Ordering Information

Catalog Number Size Price Quantity
BADC-00376 -- $-- Inquiry
Synonyms
1,1'-{Disulfanediylbis[(1-oxo-4,1-butanediyl)oxy]}di(2,5-pyrrolidinedione);
Canonical SMILES
C1CC(=O)N(C1=O)OC(=O)CCCSSCCCC(=O)ON2C(=O)CCC2=O
InChI
InChI=1S/C16H20N2O8S2/c19-11-5-6-12(20)17(11)25-15(23)3-1-9-27-28-10-2-4-16(24)26-18-13(21)7-8-14(18)22/h1-10H2
InChIKey
FCGMACUPMXOQJD-UHFFFAOYSA-N
Appearance
Soild powder
Shipping
Room temperature

Bis(2,5-dioxopyrrolidin-1-yl) 4,4’-disulfanediyldibutanoate, more commonly known as SPDP, serves as a versatile crosslinking reagent extensively utilized in biochemistry and molecular biology. Here are four key applications of SPDP, presented with a high degree of perplexity and burstiness:

Protein Crosslinking: The versatile nature of SPDP makes it a favored choice for crosslinking proteins, facilitating the study of intricate protein-protein interactions. By establishing stable connections between proteins, researchers can delve into the structural and functional repercussions of these interactions, unearthing crucial insights into the cellular mechanisms and pathways in which these proteins partake.

Antibody Conjugation: Widely acknowledged for its efficacy in antibody conjugation, SPDP plays a pivotal role in linking antibodies to diverse molecules, like enzymes or fluorophores, for diagnostic and therapeutic endeavors. The unique disulfide bond present in SPDP enables facile reduction and reformation, orchestrating the controlled assembly and disassembly of the conjugate. This technique holds immense significance in the development of targeted drug delivery systems and sensitive diagnostic assays.
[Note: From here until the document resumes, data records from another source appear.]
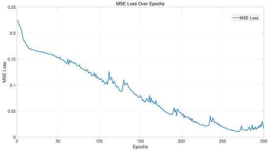 Initially, the trajectory of MSE indicates the model’s rapid learning capability at the early stages, with MSE quickly dropping from approximately 0.25 to around 0.15. This significant reduction signifies that the model effectively captures the basic patterns and relationships within the data. As training progresses, MSE continues to slowly decrease and finally stabilizes around 0.019 by the 300th epoch. This trend suggests that the model gradually adapts to the complexity of the data, reducing prediction errors through internal parameter adjustments and demonstrating good generalization ability.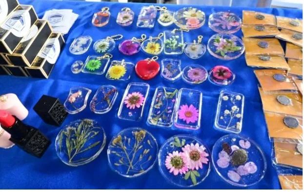 此外,在场同学还可以使用材化部研究生自主研发的胶水,制作干花相框、干花滴胶,呈现了一幅幅绚丽又充满大自然气息的干花植物贴画,让“绿色、低碳、环保”的理念根植于心间。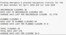 Allan Richards program has been run against C&RT's stoppages database for April and May producing the results below. Actual days lost to unscheduled closures is 284 with a further 94 days lost to planned closures. Compare that with C&RT's figure of 123 days lost!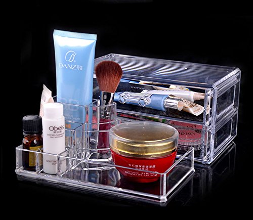 - Feature : Quite perfect for storing your makeup and cosmetics and jewellery / High transparent let you easy to found you wanted / Made of high quality acrylic, high transparent finish / Drawer part and top part can be separate place and drawers can be removed / Drawer Size: 7.5" (L) x 4.6"(W) x 3.5"(H)"; Top part Size: 7.5" (L) x 4.6"(W) x 2.6"(H)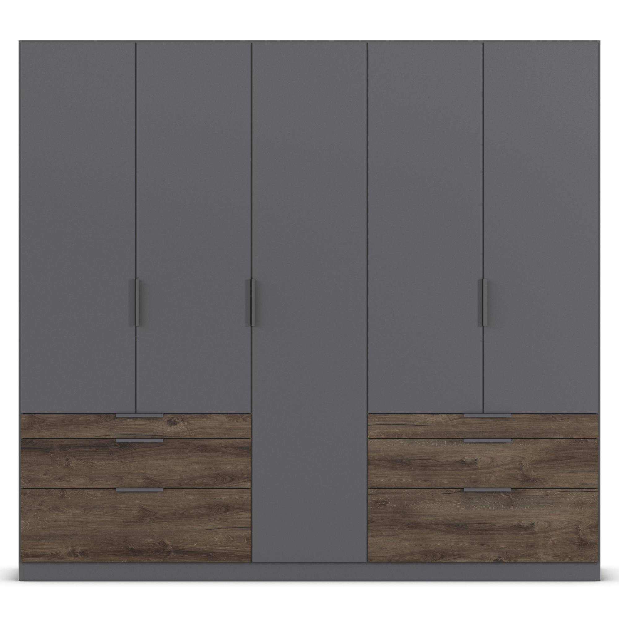 Skriňa je uzatvárateľná pomocou 5 otočných dverí, ktoré sú doplnené o rúčky na jednoduchšiu každodennú manipuláciu. Vnútorné vybavenie pozostáva celkom z 5 vložených políc a 3 šatníkových tyčí, ktoré si môžete voliteľne usporiadať. Využiť môžete tiež 6 priestranných zásuviek v spodnej časti konštrukcie. Skriňa je vyrobená z drevotriesky s povrchom nenáročným na údržbu.

Surface Modification: SPDP’s adaptability extends to surface modification, where it facilitates the introduction of functional groups onto surfaces, enabling the attachment of biological molecules onto various substrates. This capability proves invaluable in the fabrication of biosensors and biochips, where surface-bound proteins or nucleic acids are requisite for detection purposes. The use of SPDP in surface modifications elevates the stability and functionality of biosensing platforms, laying the groundwork for enhanced detection mechanisms.

Peptide Synthesis: In the realm of peptide synthesis, SPDP emerges as a key player, offering the ability to introduce thiol-reactive sites for subsequent functional modifications. This feature allows for the integration of additional chemical functionalities or the creation of cyclic peptides through disulfide bonds. Leveraging SPDP in peptide chemistry unlocks avenues for the synthesis of complex bioactive peptides with diverse applications spanning research and therapy.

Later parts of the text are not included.